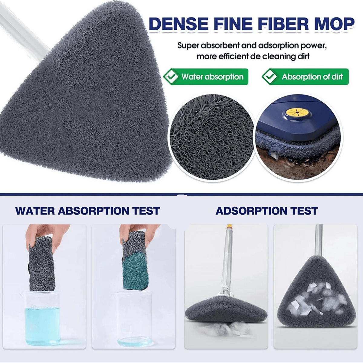 Super Cleaner: Moptrio™️ is your dust magnet! Its microfiber cloth absorbs water quickly and grabs onto dust and dirt tightly. Enjoy a cleaner home in less time.
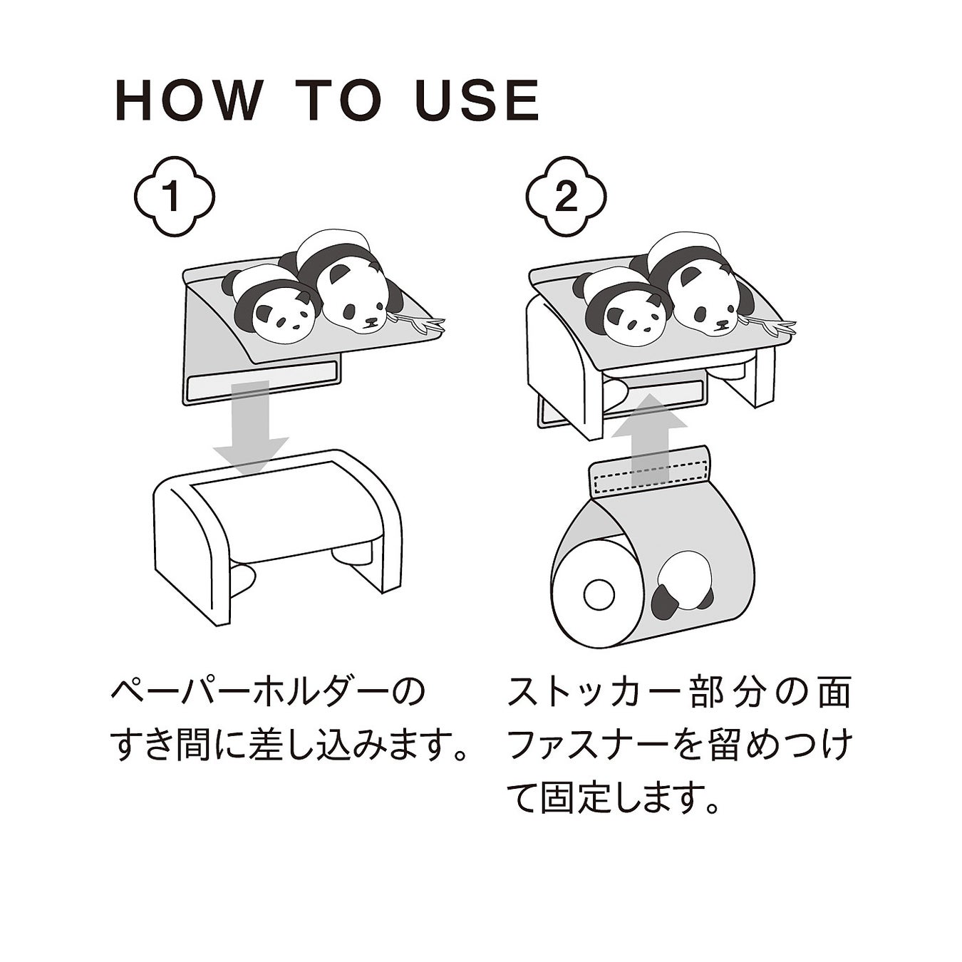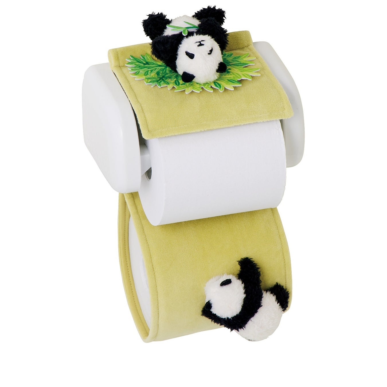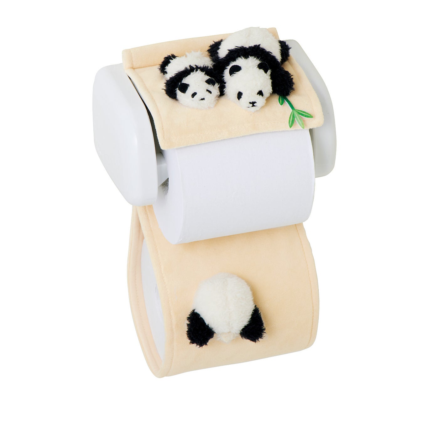 予備ペーパーのストッカー部分には、よじよじする赤ちゃんパンダや、頭をつっこんでいるかわいいパンけつも。健気な姿を毎日見守ることができます。
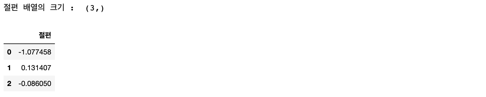 df_intercept = pd.DataFrame(columns=["절편"], data = linear_svm.intercept_)
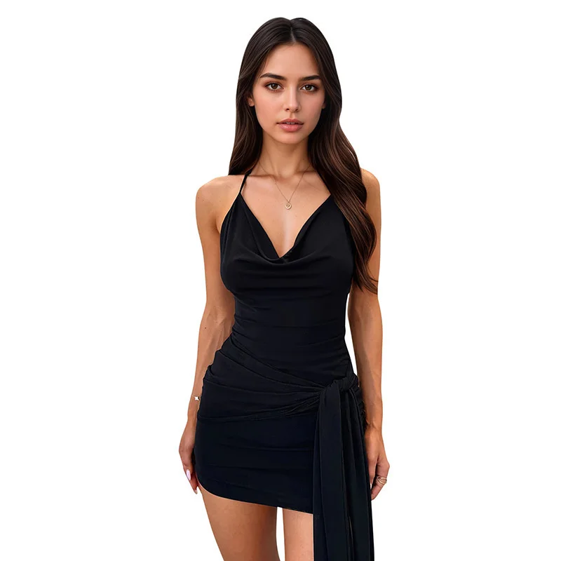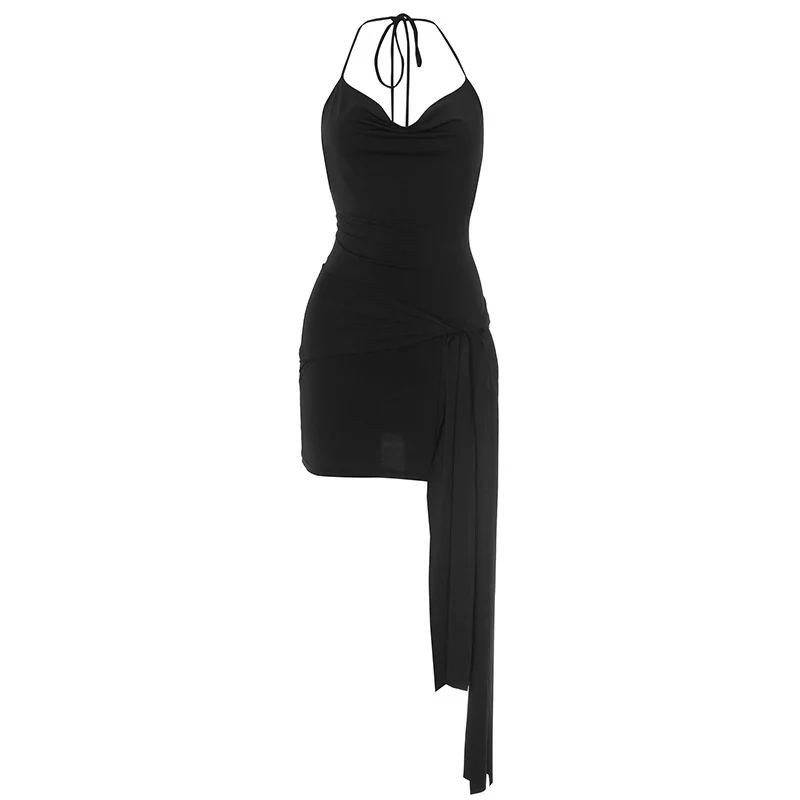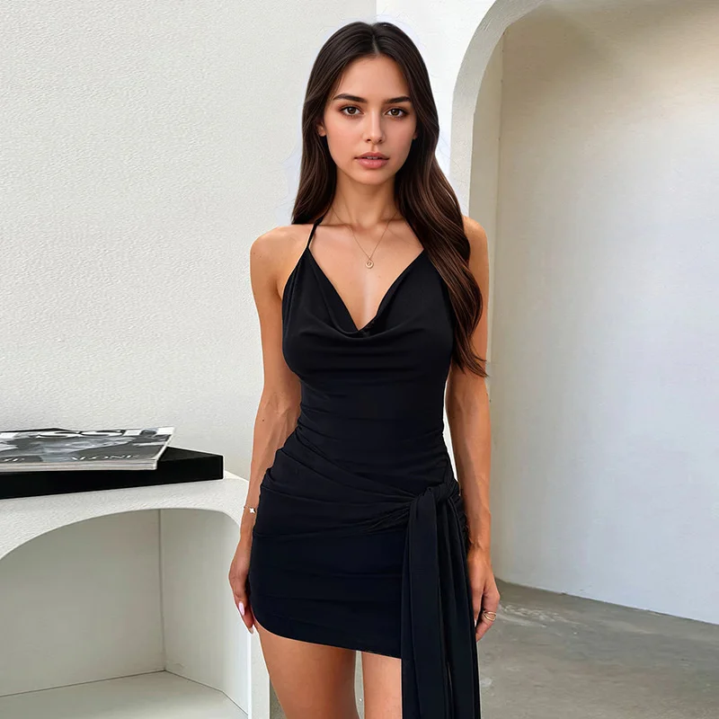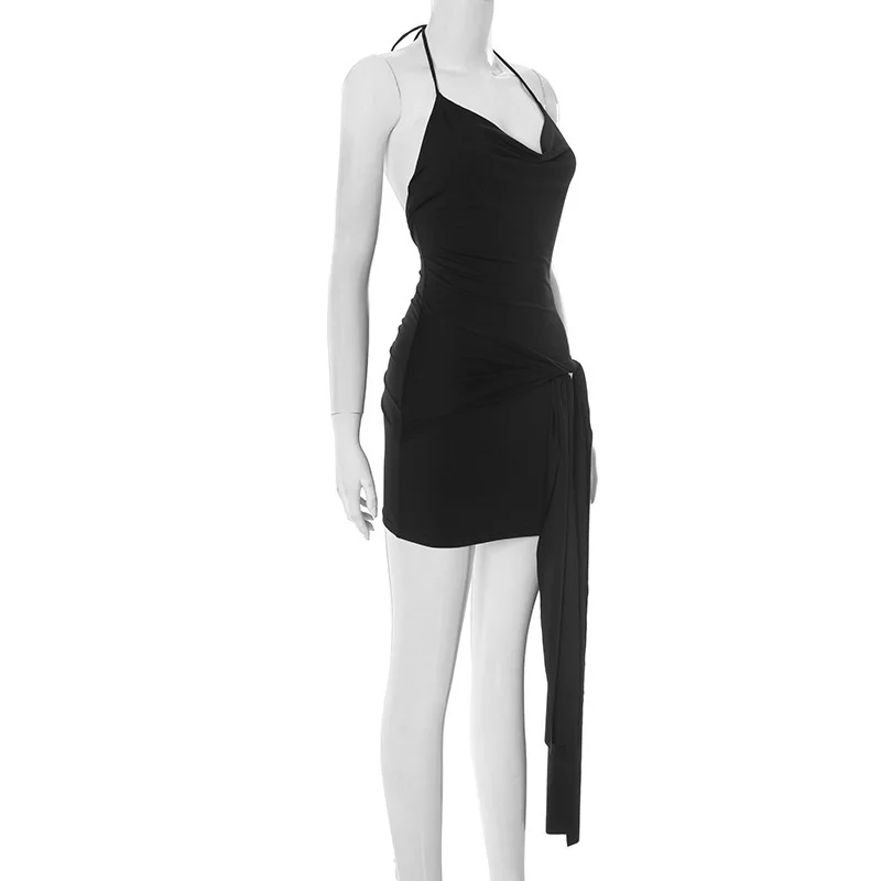 Halter Backless Draped Sexy Mini Dress Women Robe Fashion Off-shoulder Sleeveless Backless Bodycon Ruched Club Dresses
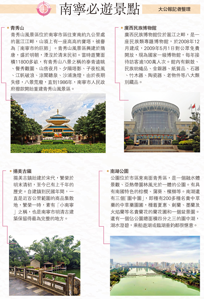 青秀山風景區位於南寧市區往東南約九公里處的邕江江畔,山頂上有一座高高的寶塔,被譽為「南寧市的巨肺」。青秀山風景區興建於隋唐,盛於明朝,湮沒於清末民初。當時遊覽面積11800多畝,有青秀山八景之稱的泰青遠眺、餐秀觀園、山房夜月、夕陽塔影、子夜松風、江帆破浪、涼閣聽泉、沙浦漁燈,由於長期失修,八景荒廢,直到1986年,南寧市人民政府撥款開始重建青秀山風景區。
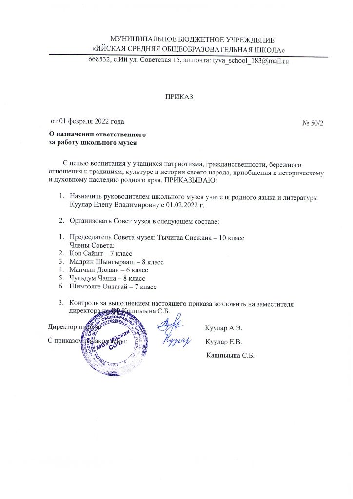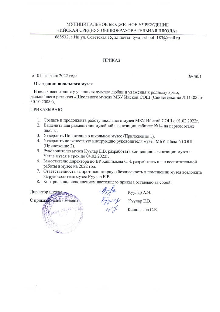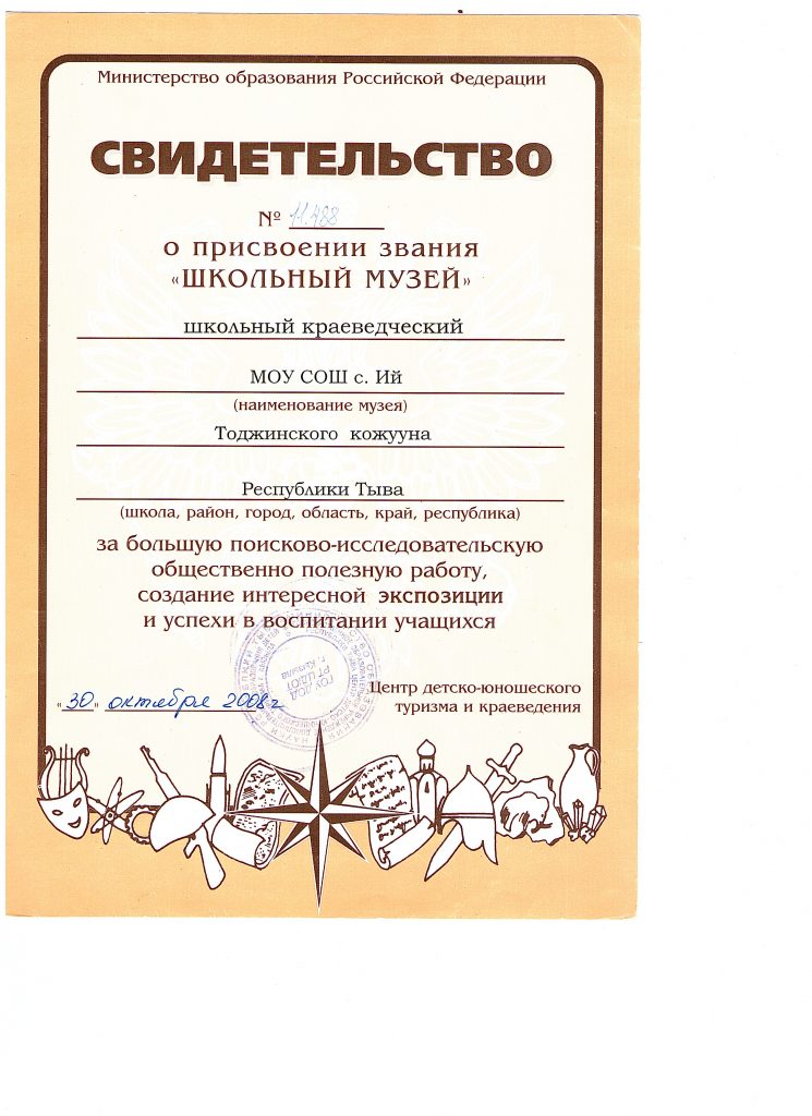 Школьный краеведческий музей Мероприятия по реализации программыСкачать Поснительская запискаСкачать Запрос по музеям образовательных учреждений по Республике ТываСкачать ХарактеристикаСкачать Учетная карточка музеяСкачать
+---+
▶ [EXERCISE AIM]:
Exactly as written above, retype the lines starting at the one holding "予備ペーパーのストッカー部分" and ending at the one holding "Halter Backless Draped", both included, but not the pictures.

▶ [TASK RESULT]:
 予備ペーパーのストッカー部分には、よじよじする赤ちゃんパンダや、頭をつっこんでいるかわいいパンけつも。健気な姿を毎日見守ることができます。
 df_intercept = pd.DataFrame(columns=["절편"], data = linear_svm.intercept_)
 Halter Backless Draped Sexy Mini Dress Women Robe Fashion Off-shoulder Sleeveless Backless Bodycon Ruched Club Dresses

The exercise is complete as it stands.